Вечером выпал снег. Белые сумерки, мягкие, округлые очертания машин, домов и дворов. Особенная свежесть, чистота и – грусть. Отчего же грусть? Что это за грусть? Почему с годами мы все больше безотчетно грустим и завидуем: красоте снега, красоте щедрых, обильных гроздьев красной рябины и даже красоте двух серых ворон, которые наутро будут упоенно рыться в снегу, добираться до старых листьев, травы, шумно радоваться добыче… Может быть, кто-то завидует красоте крутобоких “мерседесов” или грозных “джипов”, но это уже другая зависть и другая грусть…
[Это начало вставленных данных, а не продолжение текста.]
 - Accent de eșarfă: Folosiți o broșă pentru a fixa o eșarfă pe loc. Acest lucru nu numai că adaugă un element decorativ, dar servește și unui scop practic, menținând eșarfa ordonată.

Меня спросили: какие ценности оставил после себя ХХ век? И сначала я, конечно, хотела рассказать не про ворон, не про рябину и не про снег. Я хотела рассказать, что ХХ век – бездомный век, и народы-сироты скитались во времени и пространстве, стремясь обрести свою родину. ХХ век – век пробуждения национального чувства, и я не знаю, грустила бы я так же, глядя не на рябину в моем дворе, а на мандариновое деревце в Абхазии или на виноградные лозы в Молдавии… Я хотела рассказать, что ХХ век, при всем его нигилизме и обилии сигаретно-пивных девушек, есть век возвращения религиозного чувства, так и не побежденного ни информационным рационализмом, ни воинствующим атеизмом. По всей Руси золотыми свечами поднимаются храмы, и милосердные, печальные лики святых смотрят с икон… Я бы сказала, что в этом безумном веке, наполненном смертями, войнами, убиением младенцев, вдруг особенную ценность обрела семья, островок рая на земле, и те, кто находит здесь спасение, – счастливейшие люди, чье блаженство невозможно описать…
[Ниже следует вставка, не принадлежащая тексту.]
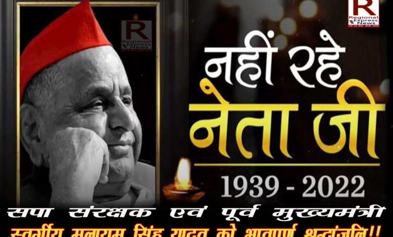 लखनऊ (रीजनल एक्सप्रेस)। समाजवादी पार्टी के संस्‍थापक और तीन बार उत्‍तर प्रदेश के मुख्‍यमंत्री रहे मुलायम सिंह यादव नहीं रहे।  नेताजी को यूरिन संक्रमण, ब्‍लड प्रेशर की दिक्‍कत और सांस लेने में तकलीफ की वजह से दो अक्‍टूबर को मेदांता अस्‍पताल में भर्ती कराया गया था। तभी से उनकी हालत नाजुक बनी हुई थी। उनके कई अंगों ने काम करना बंद कर दिया था। नौ दिन तक मेदांता के आईसीयू और क्रिटिकल केयर यूनिट (सीसीयू) में जिंदगी और मौत के बीच जूझते रहने के बाद नेताजी ने सोमवार सुबह 8:16  बजे अंतिम सांस ली। 82 साल की उम्र में सोमवार सुबह उनका निधन हो गया।

Но вот я вижу снег, вижу даль, вижу взятую льдом речку, вижу темный лесок, вижу чистый морозный простор, соединенный с небом, таким большим небом… “Жизнь моя! или ты приснилась мне?” – спросит, или пожалуется, или удивится Сергей Есенин. Что его так тревожило, что мучило? Весь мир – Париж, Берлин, Нью-Йорк был у его ног, самые красивые, талантливые, родовитые женщины дарили ему свою любовь, самая добрая на свете мама гладила его кудри, а как любили, жалели его сестры! “Словно я весенней гулкой ранью Проскакал на розовом коне”. Ему ли жаловаться?! Молодому, сильному, золотокудрому?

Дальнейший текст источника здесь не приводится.